17 Ocak 2016 Pazar

Mahkemeye göre homofobi nefret suçu değil, ifade özgürlüğü

Mili Gazete zaferini bu şekilde manşetliyor

Nilüfer Belediyesi ile Özgür Renkler’in düzenlediği 1 Aralık Dünya AIDS Günü etkinliğini, ‘Gafletin böylesi’ başlığı ve LGBTİ’lerden ‘sapkınlar’ diye bahsederek duyuran Milli Gazate’nin haberine açılan davada, mahkeme ayrımcılık içerikli sözler için ‘ifade özgürlüğü’ demiş.

Mahkeme, kamu yararı gerekçesiyle gazeteyi haklı bulmuş.

Mahkeme, “İfade özgürlüğü sadece genel kabul gören zararsız ve önemsiz sayılan düşünceler yönünden değil, aynı zamanda halkın bir kısmı tarafından benimsenmeyen, kuraldışı, rahatsız edici, endişe verici, sarsıcı düşünceler için de geçerlidir” şeklindeki açıklama yapmış.

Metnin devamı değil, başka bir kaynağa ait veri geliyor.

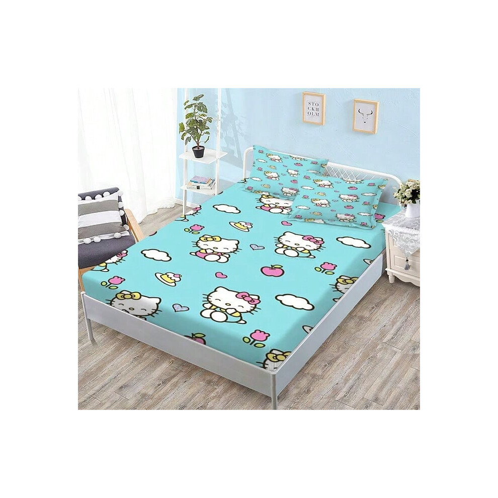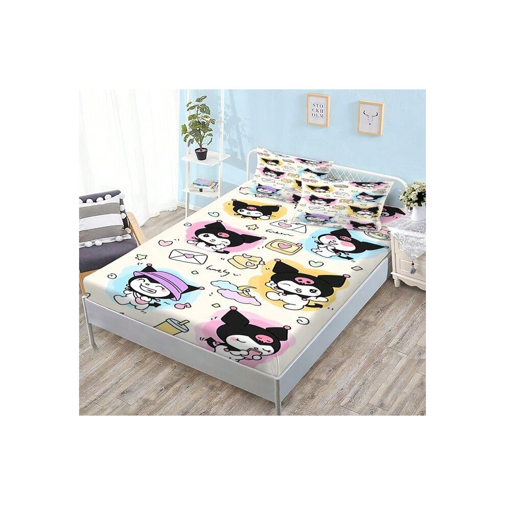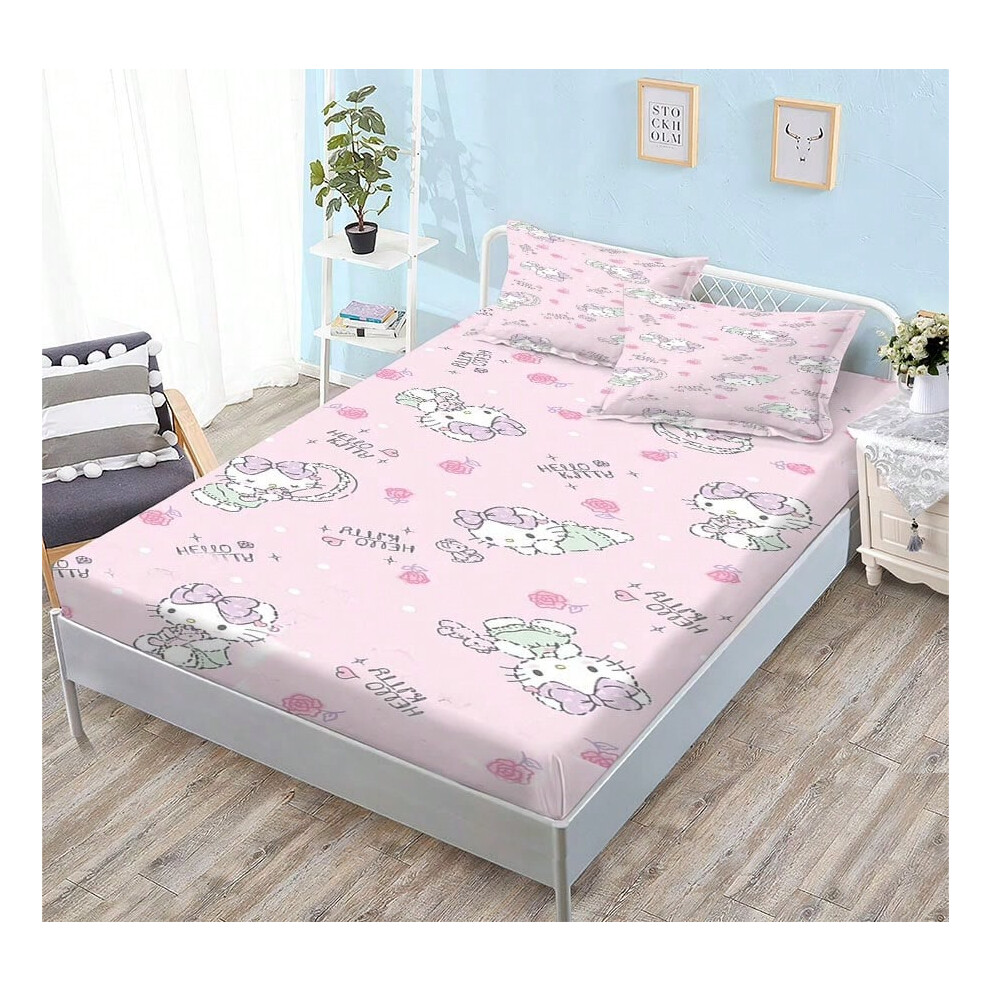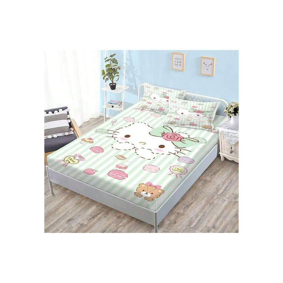(QE11, Single fitted sheet: 135*200 (suitable for mattresses within 5-30cm)) New Sanrio Fitted Sheet Three-piece Set Mattress Protector Cartoon Childr
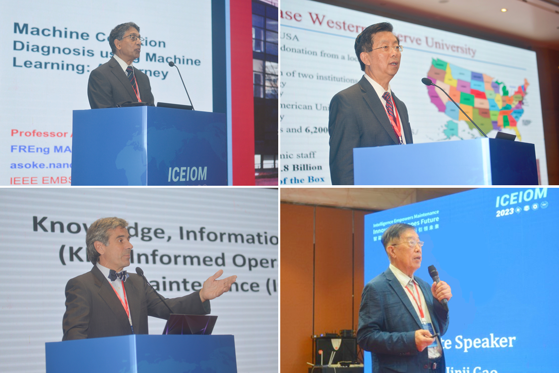 英国皇家工程院院士、布鲁内尔大学Asoke K. Nandi教授,国际电器与电子工程学会会士、美国机械工程师学会会士、美国凯斯西储大学Robert X. Gao教授,Humboldt Research Award获得者、米兰理工大学Enrico Zio教授,中国工程院院士、北京化工大学诊断与自愈工程研究中心主任高金吉教授,分别作了题为“Machine Condition Diagnosis using Machine Learning: A Journey”、“Intelligent Maintenance through Big Data Analytics”、“Knowledge, Information and Data (KID)-Informed Operation and Maintenance (IOM)”、“Artificial self-recovery enables intelligent maintenance development to equipment autonomous health”的精彩大会邀请报告。大会邀请报告分别由西安交通大学严如强教授、华南理工大学李巍华教授主持。

Yani toplum ne derse o doğrudur gibi bir şey bu; toplum farklılıklara sapık diyorsa, haklıdır! Sapıklığı mantıklı bir şekilde değerlendirmiyor. Çoğunluğa uymuyorsan sapmış olarak değerlendiriyor seni. Ve böyle bir değerlendirmeyi de kamu yararına faydalı buluyor. Yani bizden değilseniz, hedef haline getirilebilir, nefret saldırılarına maruz kalabilirsiniz demek istiyor. O yüzden LGBTİ'lere yapılan saldırılar nefret suçları kapsamında değerlendirilmiyor ya. Sana benzemeyeni öteki ilan edebilirsin, başına gelenler de su testisinin su yolunda kırılmasıdır! Oysa Batı'da tam tersi; yani hangi kesimden olursan ol nefret ifadesinde bulunamıyorsun. Burası Batı değil tabi ve demokrasi anlayışı da Doğuca, evrensel değil.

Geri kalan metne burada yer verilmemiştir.